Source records
+===+

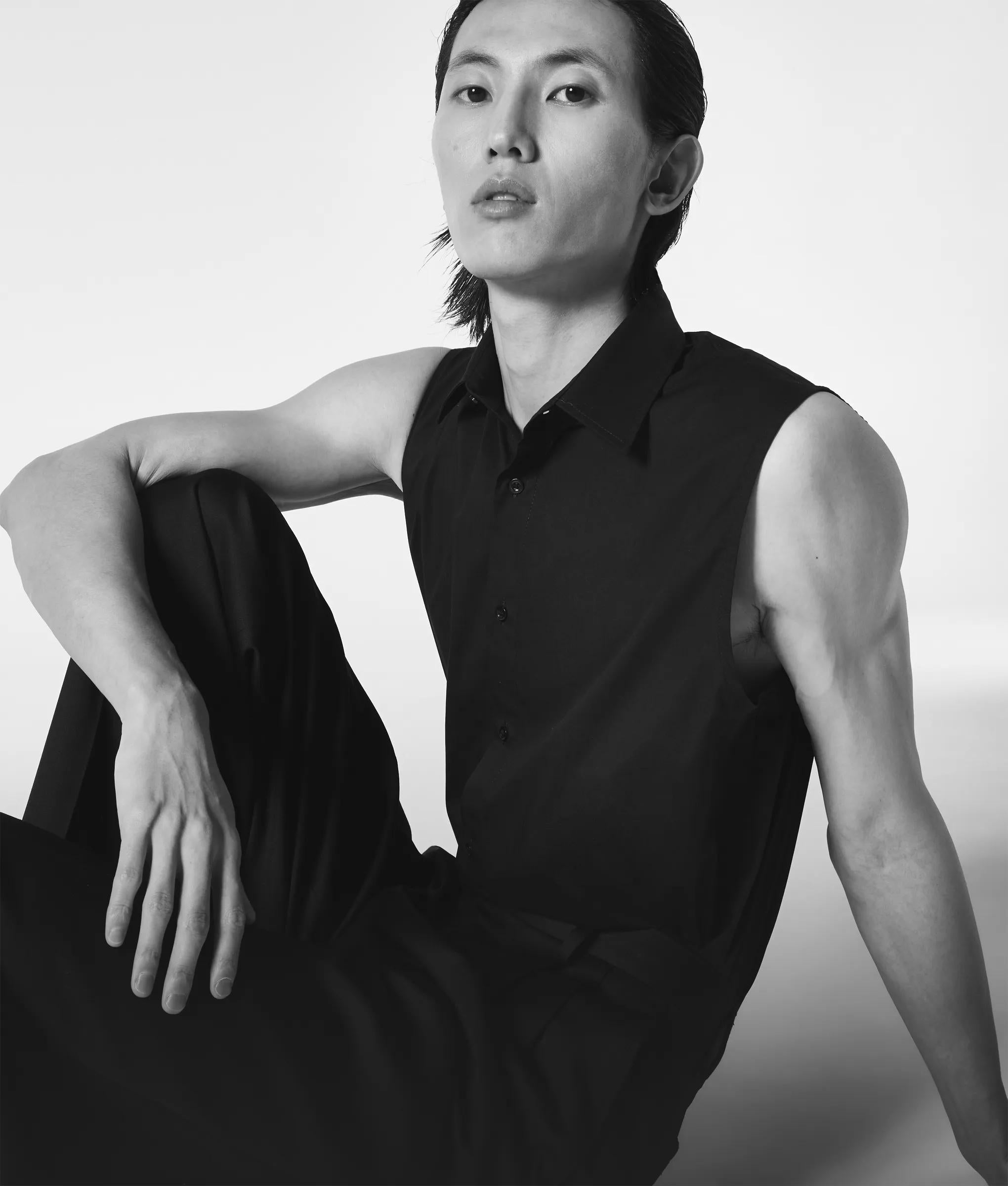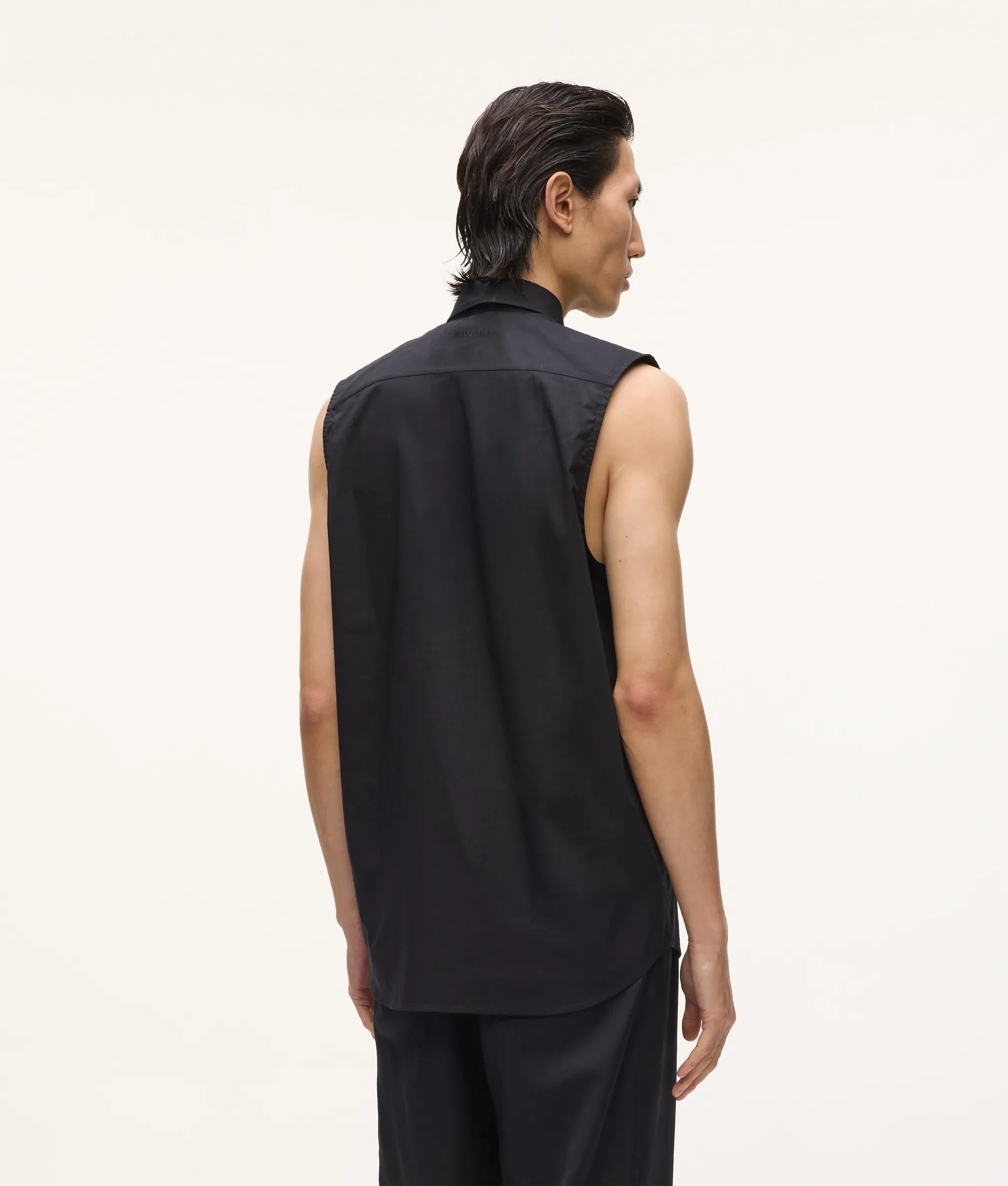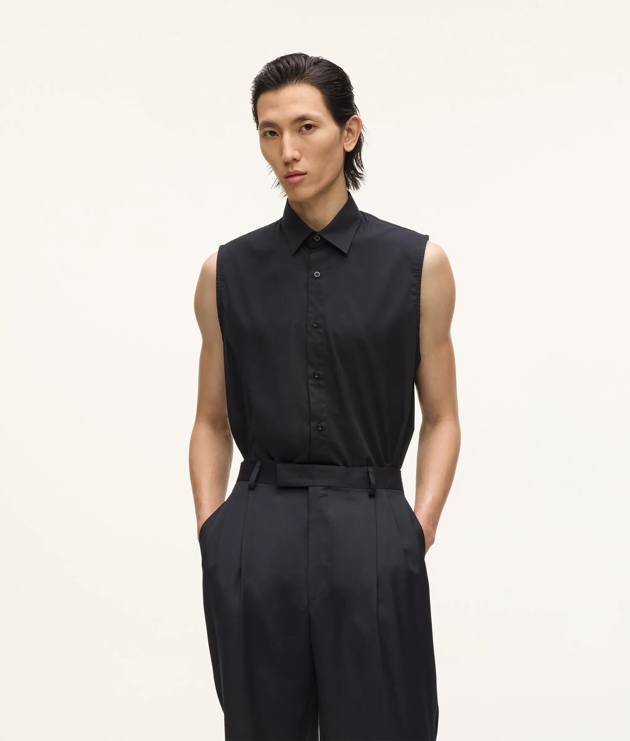 This sleeveless shirt has the ease of summer, with the attitude of tailoring. It’s finished with a crisp collar and a clean button front, then cut with a longer line that looks intentional whether you wear it tucked in or left loose.
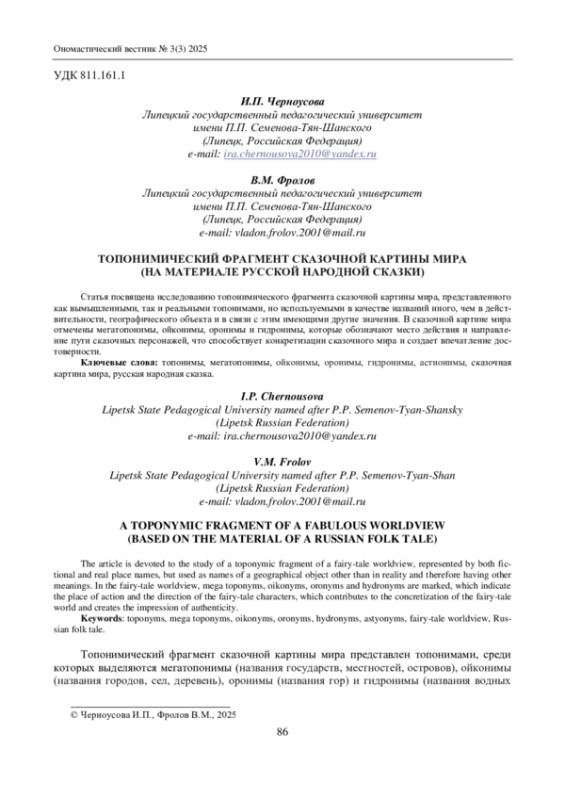 Статья посвящена исследованию топонимического фрагмента сказочной картины мира, представленного как вымышленными, так и реальными топонимами, но используемыми в качестве названий иного, чем в действительности, географического объекта и в связи с этим имеющими другие значения. В сказочной картине мира отмечены мегатопонимы, ойконимы, оронимы и гидронимы, которые обозначают место действия и направление пути сказочных персонажей, что способствует конкретизации сказочного мира и создает впечатление достоверности.
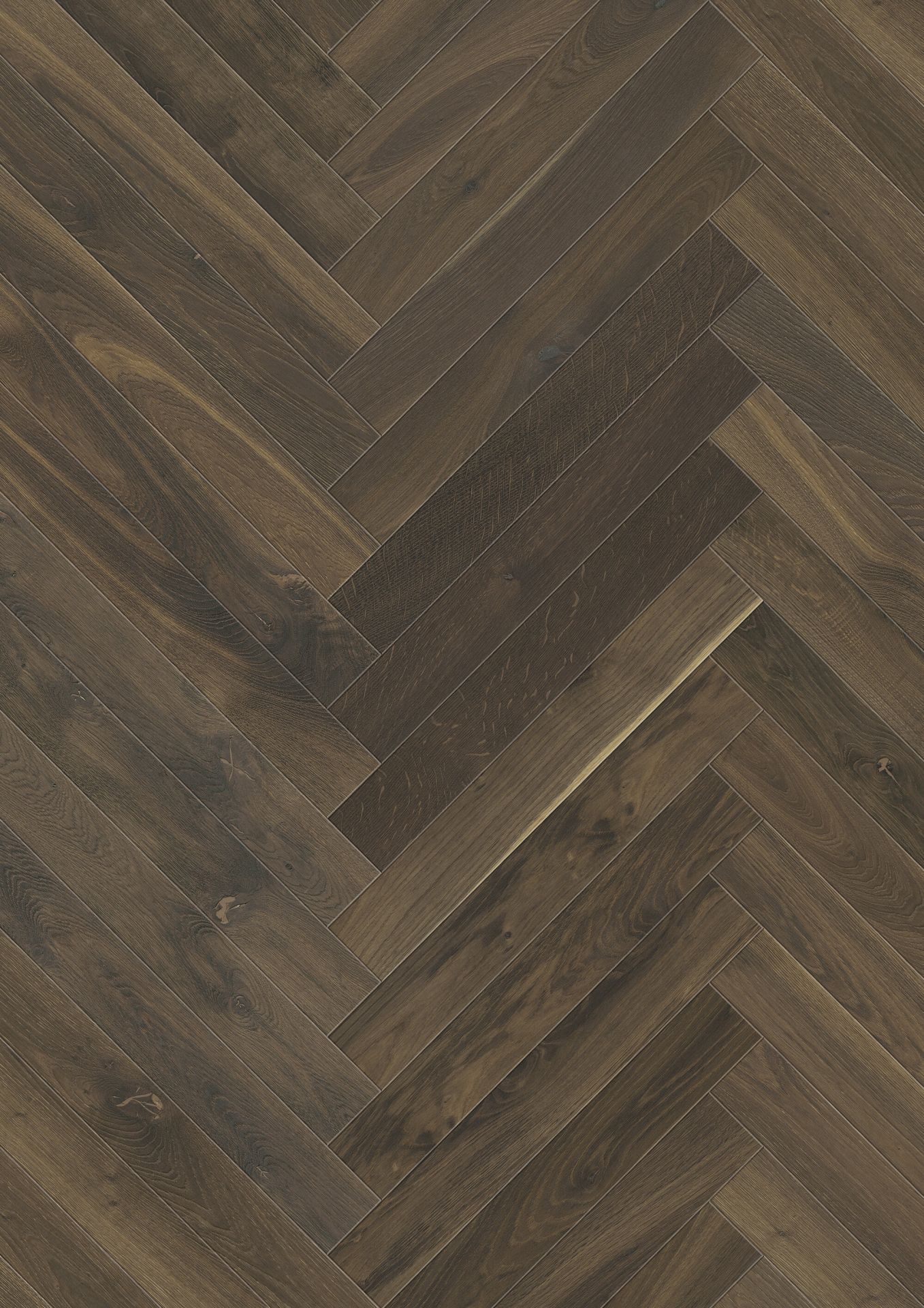 Die Villa-Sortierung (Markant) bringt das ehrliche Wesen der Eiche zum Vorschein. Natürliche Wuchsmerkmale und Strukturunterschiede sorgen dafür, dass die dunkle Fläche trotz ihrer Farbtiefe lebendig und authentisch wirkt. Die 4-seitige Fase (V4) umrahmt jeden einzelnen Stab und sorgt für eine plastische Betonung des Verlegemusters – ein entscheidendes Detail für die hochwertige Optik bei dunklen Böden.
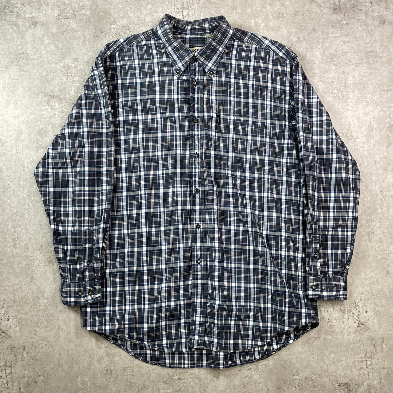 IZOD 長袖 ボタンダウン チェックシャツ メンズXL相当 古着 アメカジ グレー ネイビー ホワイト イエロー【長袖シャツ】/マルチカラー
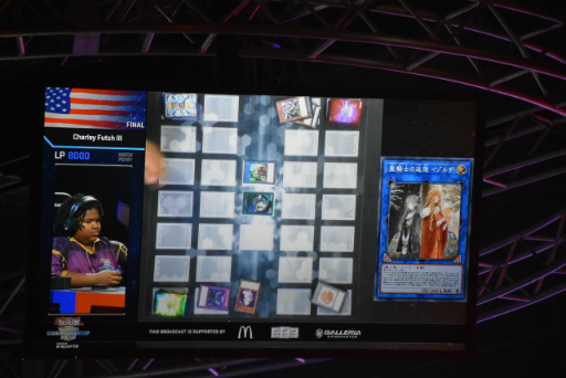 ドラゴンデュエル(OCG 小学生の部)の決勝戦では,アメリカ代表のCharley Futch III選手とドイツ代表のKai Heidinger選手が対決。3デュエル中2本先取した方が勝利となるルールで,使用デッキは両者ともに「剛鬼」モンスターと「トロイメア」モンスターを合わせたものだった。
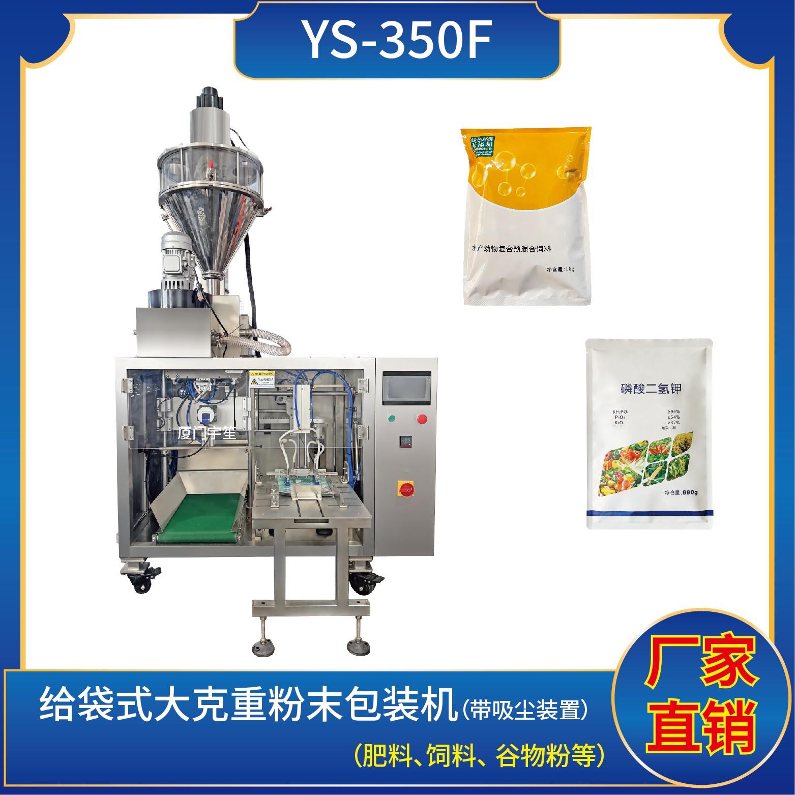 YS-SP350F 給袋式粉末包裝機特 點 Characteristic1、適用于食品、醫(yī)藥、化工、化妝品行業(yè)中粉劑等大克重物品的計量包裝,如:面粉、玉米粉、農(nóng)藥粉等。2、包裝流程全自動,無需人工操作??筛鶕?jù)充填物料的性質(zhì)選配不同的下料結(jié)構(gòu)。3、采用觸摸屏操作,PLC控制,封口溫度自動補償,控溫精準,封口美觀大方。4、包裝材料:PE…
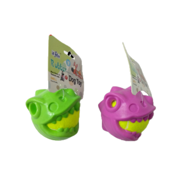 צעצוע לכלבים בצורת דינוזאור העשוי מחומר גומי, עם כדור טניס מובנה בפנים ומצפצף
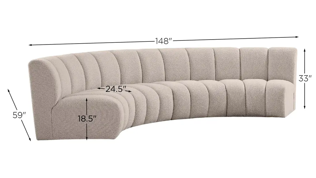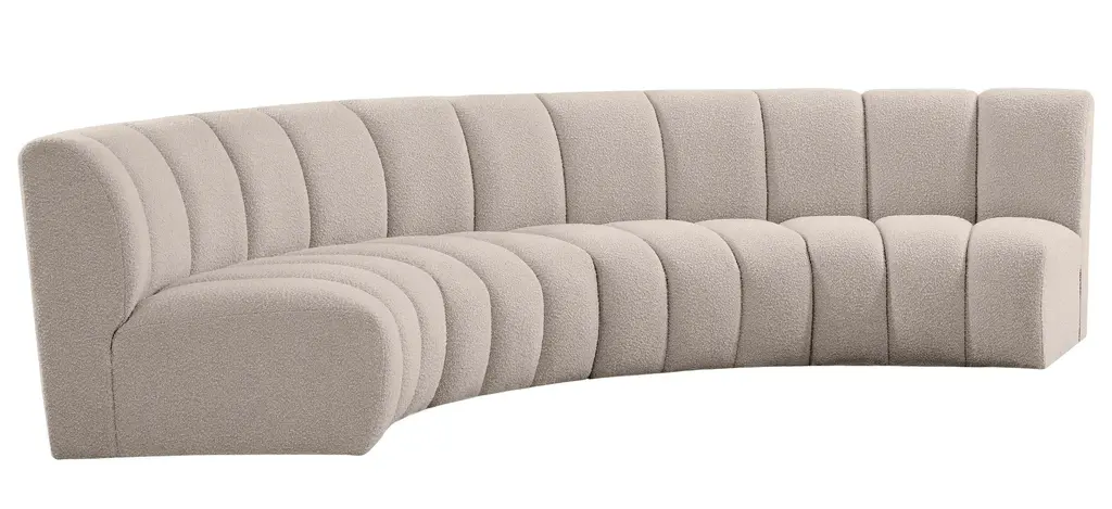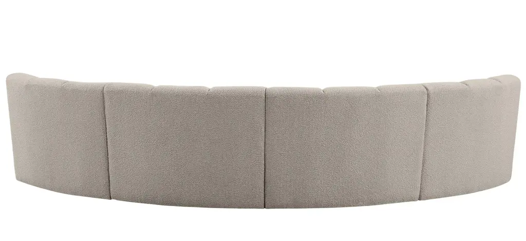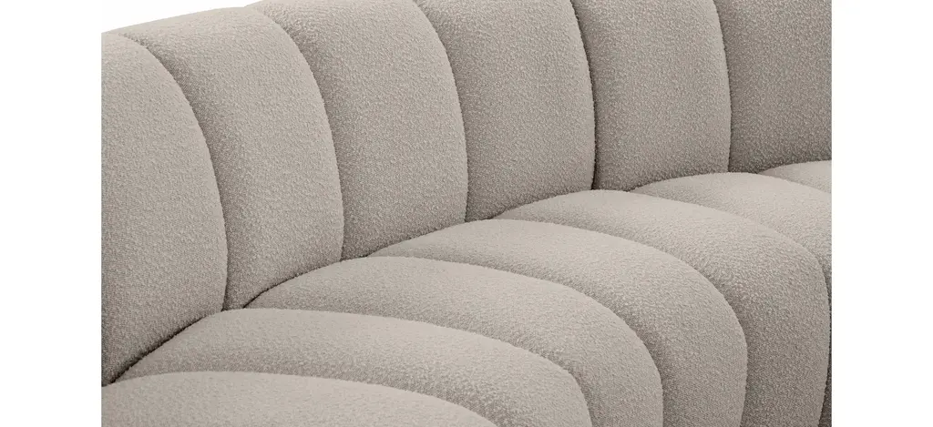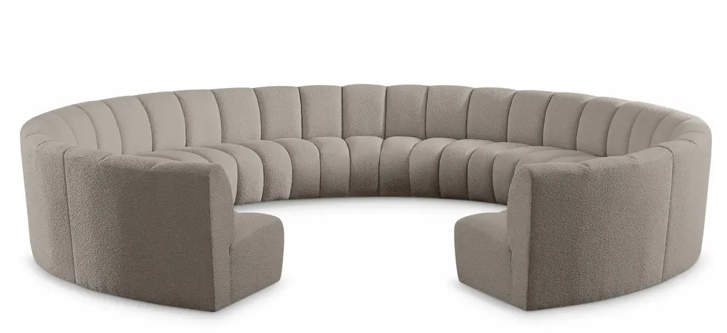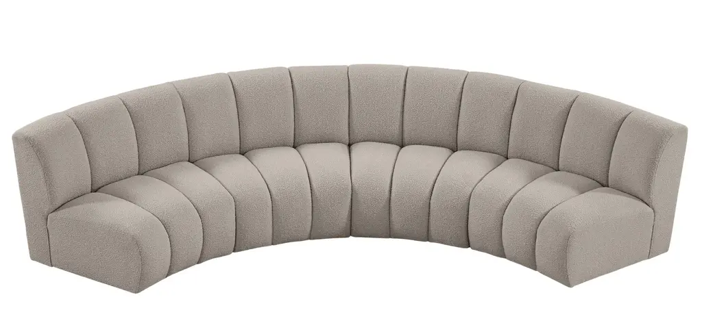 The Infinity 4-pc. Modular Sectional is the best possible seating solution for your gang. Rich brown boucle fabric feels welcoming and soft to the skin, so you stay seated comfortably for the big game or while watching your favorite programs. Deep channel tufting adds to the longevity and durability of this modular chair while giving it texture.

+===+

• Try it:
The answer must be an exact copy of the lines above, from the start of the records through the line with "IZOD 長袖 ボタンダウン", and of nothing else; no pictures belong in it.

• Completed exercise:
 This sleeveless shirt has the ease of summer, with the attitude of tailoring. It’s finished with a crisp collar and a clean button front, then cut with a longer line that looks intentional whether you wear it tucked in or left loose.
 Статья посвящена исследованию топонимического фрагмента сказочной картины мира, представленного как вымышленными, так и реальными топонимами, но используемыми в качестве названий иного, чем в действительности, географического объекта и в связи с этим имеющими другие значения. В сказочной картине мира отмечены мегатопонимы, ойконимы, оронимы и гидронимы, которые обозначают место действия и направление пути сказочных персонажей, что способствует конкретизации сказочного мира и создает впечатление достоверности.
 Die Villa-Sortierung (Markant) bringt das ehrliche Wesen der Eiche zum Vorschein. Natürliche Wuchsmerkmale und Strukturunterschiede sorgen dafür, dass die dunkle Fläche trotz ihrer Farbtiefe lebendig und authentisch wirkt. Die 4-seitige Fase (V4) umrahmt jeden einzelnen Stab und sorgt für eine plastische Betonung des Verlegemusters – ein entscheidendes Detail für die hochwertige Optik bei dunklen Böden.
 IZOD 長袖 ボタンダウン チェックシャツ メンズXL相当 古着 アメカジ グレー ネイビー ホワイト イエロー【長袖シャツ】/マルチカラー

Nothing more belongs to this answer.